[Sandbox] HAMi

Question

[Sandbox] HAMi

Closed this issue 15 days ago · 27 comments

Application contact emails

xiaozhang0210@hotmail.com,limengxuan@4paradigm.com

Project Summary

Heterogeneous AI Computing Virtualization Middleware (HAMi), is an "all-in-one" tool designed to manage Heterogeneous AI Computing Devices in a k8s cluster.

Project Description

Heterogeneous AI Computing Virtualization Middleware (HAMi) is an "all-in-one" tool designed to manage Heterogeneous AI Computing Devices in a k8s cluster. It includes everything you would expect, such as:

Heterogeneous AI computing device support, currently supports: Nvidia, Cambricon, Hygon, Huawei Ascend, iluvatar
Device sharing: Each task can allocate a portion of a device instead of the entire device, allowing a device to be shared among multiple tasks.
Device Memory Control: Devices can be allocated a specific device memory size (e.g., 3000M) or a percentage of the whole GPU's memory (e.g., 50%), ensuring it does not exceed the specified boundaries.
Device Type Specification: You can specify the type of device to use or avoid for a particular task by setting annotations, such as nvidia.com/use-gputype or nvidia.com/nouse-gputype.
Device UUID Specification: You can specify the UUID of device to use or avoid for a particular task by setting annotations, such as nvidia.com/use-gpuuuid or nvidia.com/nouse-gpuuuid.
Task priority: supports tasks using the same AI computing device to define different priorities. When resources are preempted, high-priority tasks have high QOS
CUDA Unified memory: When the GPU memory is not enough, it supports expanded use of node memory.
Easy to use: You don't need to modify your task YAML to use our scheduler. All your jobs will be automatically supported after installation.

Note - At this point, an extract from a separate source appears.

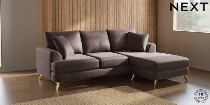 7.2.5 Buy Parker Small Sofa Chaise - Universal Luxe Chenille Mink Brown High Metal - Brass from the Next UK online shop Click here to use our accessible website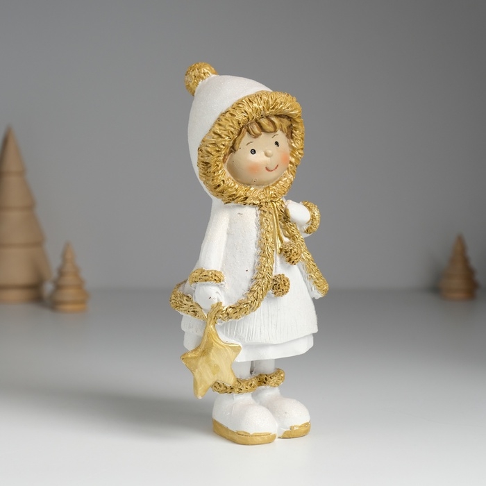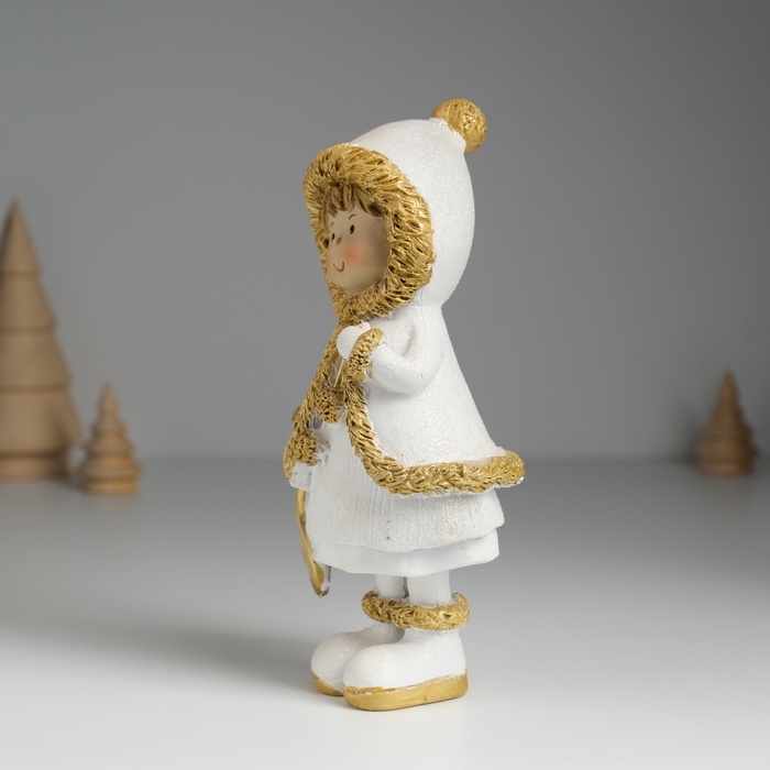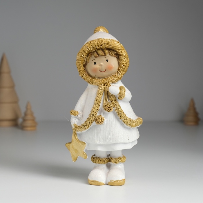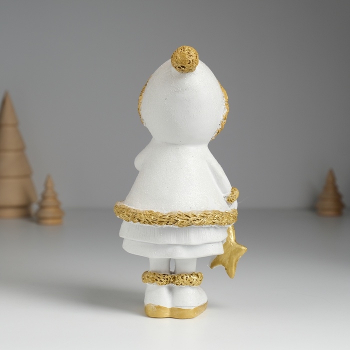 Сувенир полистоун "Малышка в белой шубке с золотым мехом" МИКС 7х5,5х16 см

Additionally, you can specify a resource name other than nvidia.com/gpu if you prefer.

The core features of HAMi are as follows

Hard Limit on Device Memory.
Allows partial device allocation by specifying device memory.
Imposes a hard limit on streaming multiprocessors.
flexible binpack&spread schedule policies base on gpu device and node
Permits partial device allocation by specifying device core usage.
Requires zero changes to existing programs.

The HAMi architecture is as follows

Application Scenarios

Device sharing (or device virtualization) on Kubernetes.
Scenarios where pods need to be allocated with specific device memory
Need to balance GPU usage in a cluster with multiple GPU nodes.
Low utilization of device memory and computing units, such as running 10 TensorFlow servings on one GPU.
Situations that require a large number of small GPUs, such as teaching scenarios where one GPU is provided for multiple students to use, and cloud platforms that offer small GPU instances.

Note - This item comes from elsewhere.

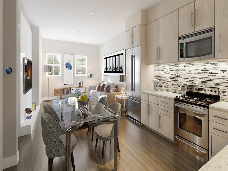 Each apartment features expressive design with exceptionally modern kitchens highlighting upscale, quartz countertops, tile backsplash, and complementing custom cabinetry. Bathrooms feature soothing soaking tubs and full height tile showers, while each apartment is outfitted with Nest thermostats and hi-tech washer and dryer units.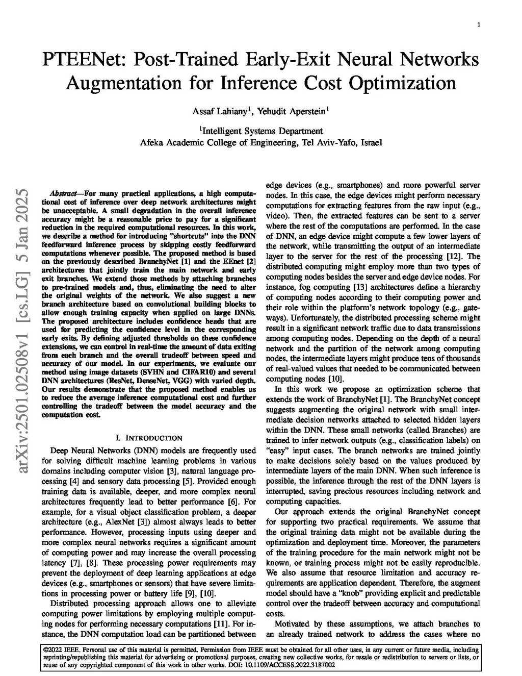For many practical applications, a high computational cost of inference over deep network architectures might be unacceptable. A small degradation in the overall inference accuracy might be a reasonable price to pay for a significant reduction in the required computational resources. In this work, we describe a method for introducing "shortcuts" into the DNN feedforward inference process by skipping costly feedforward computations whenever possible. The proposed method is based on the previously described BranchyNet (Teerapittayanon et al., 2016) and the EEnet (Demir, 2019) architectures that jointly train the main network and early exit branches. We extend those methods by attaching branches to pre-trained models and, thus, eliminating the need to alter the original weights of the network. We also suggest a new branch architecture based on convolutional building blocks to allow enough training capacity when applied on large DNNs. The proposed architecture includes confidence heads that are used for predicting the confidence level in the corresponding early exits. By defining adjusted thresholds on these confidence extensions, we can control in real-time the amount of data exiting from each branch and the overall tradeoff between speed and accuracy of our model. In our experiments, we evaluate our method using image datasets (SVHN and CIFAR10) and several DNN architectures (ResNet, DenseNet, VGG) with varied depth. Our results demonstrate that the proposed method enables us to reduce the average inference computational cost and further controlling the tradeoff between the model accuracy and the computation cost.

Org repo URL (provide if all repos under the org are in scope of the application)

https://github.com/Project-HAMi

Project repo URL in scope of application

core repo : https://github.com/Project-HAMi/HAMi

And the corresponding multi-public repo https://github.com/Project-HAMi/

Additional repos in scope of the application

No response

Website URL

http://project-hami.io/

Roadmap

https://github.com/Project-HAMi/HAMi?tab=readme-ov-file#roadmap

Roadmap context

Production	manufactor	MemoryIsolation	CoreIsolation	MultiCard support
GPU	NVIDIA	✅	✅	✅
MLU	Cambricon	✅	❌	❌
DCU	Hygon	✅	✅	❌
Ascend	Huawei	In progress	In progress	❌
GPU	iluvatar	In progress	In progress	❌
DPU	Teco	In progress	In progress	❌

Support video codec processing
Support Multi-Instance GPUs (MIG)
Support Flexible scheduling policies
- binpack
- spread
- numa affinity
integrated gpu-operator
Rich observability support
DRA Support
Support Intel GPU device
Support AMD GPU device

Contributing Guide

https://github.com/Project-HAMi/HAMi/blob/master/CONTRIBUTING.md

Here are our community meeting minutes

https://docs.google.com/document/d/1YC6hco03_oXbF9IOUPJ29VWEddmITIKIfSmBX8JtGBw/edit?usp=sharing

Code of Conduct (CoC)

https://github.com/Project-HAMi/HAMi/blob/master/CODE_OF_CONDUCT.md

Adopters

We have done a survey and found that dozens of adopters are already using HAMi. We will maintain it in the HAMi documentation later. Online survey results

Contributing or Sponsoring Org

4paradigm,DaoCloud, HuaweiCloud,Rise Union

Maintainers file

https://github.com/Project-HAMi/HAMi/blob/master/MAINTAINERS.md

IP Policy

If the project is accepted, I agree the project will follow the CNCF IP Policy

Trademark and accounts

If the project is accepted, I agree to donate all project trademarks and accounts to the CNCF

Why CNCF?

The CNCF is the premier organization for cloud-native technologies and is backed by many leading companies in the industry. It also provides a platform for collaboration and community-building, which can lead to increased visibility, adoption, and contributions to HAMi.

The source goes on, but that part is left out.